Do you guess how you make a bespoke material with graphene-like properties? The bacteria can create brand new materials. For an example, if you use bacteria to print a substance resembling grapheme- the 2D material made of single atom layers of carbon-the end product have similar desirable properties. When placed on sheets of Graphene oxide, the bacteria can turn it into a reduced version of the compound, which shares many properties but it is easier to produce in large amounts. The bacteria do this by pulling oxygen atoms off the material as they metabolise. It is normally made by the help of powerful chemicals or extreme heat, but microbe-version is much cheaper and more environmentally friendly. The more you reduced, the closer it is to grapheme.
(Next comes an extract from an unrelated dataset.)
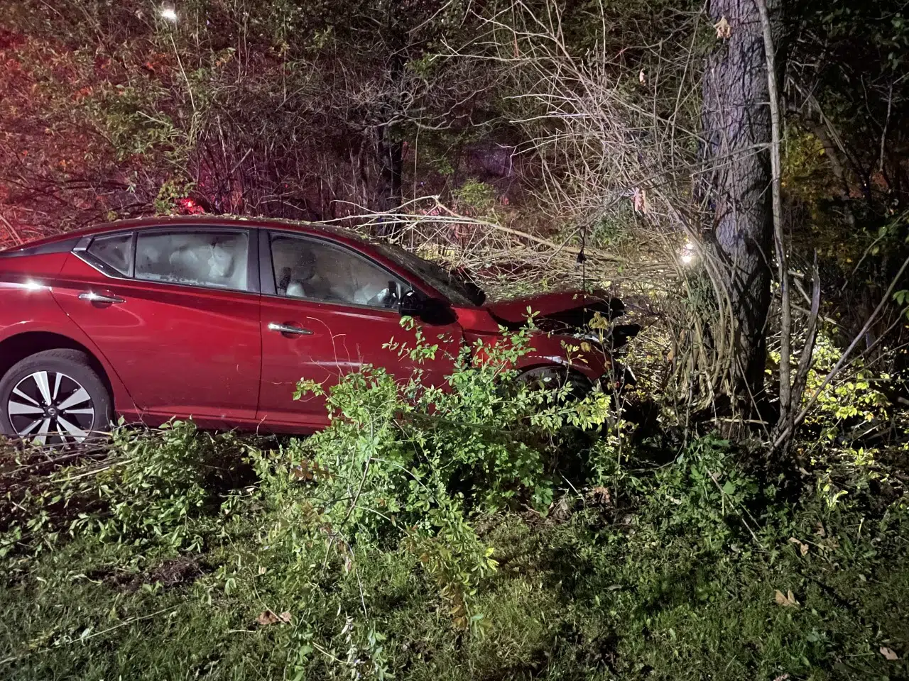 Authorities say the driver, a 28-year-old male from North Dakota, was traveling eastbound on Huntly Road when he left the road, hit a sign, and collided into a tree.

It is very easy- it takes place at room temperature in sugar water.
The chemical process still seems to produce the best and excellence grapheme oxide, but the microorganisms could be very useful when it comes to fabricating precise small scale structures. That was 3D painting comes in.
By modifying a normal printer students showed that it is possible to bacteria onto a surface in precise lines just 1 millimeter wide. The gel solidifies when it touches calcium means that the bacteria stay in place. The idea is that you could eventually print a grapheme-oxide-reducing bacterium also known as Shewanella onedidensis, onto the material in definite patterns to tailor its properties like making some of areas as conductive and others not. It is easy to adapt 3D printers so they are able to print living cells. You need contracting properties of printing-on one hand being able to squeeze the liquid out of a nozzle, but also it being able to keep its shape afterwards, she says. The amount of growth medium the microorganisms needs to survive long enough to reduce the grapheme oxide would make it difficult to precisely print the solution without it spreading across the surface. If once technology is refined, as it could be possible to carve out tiny wires into the grapheme oxide surface while the rest remains non-conductive.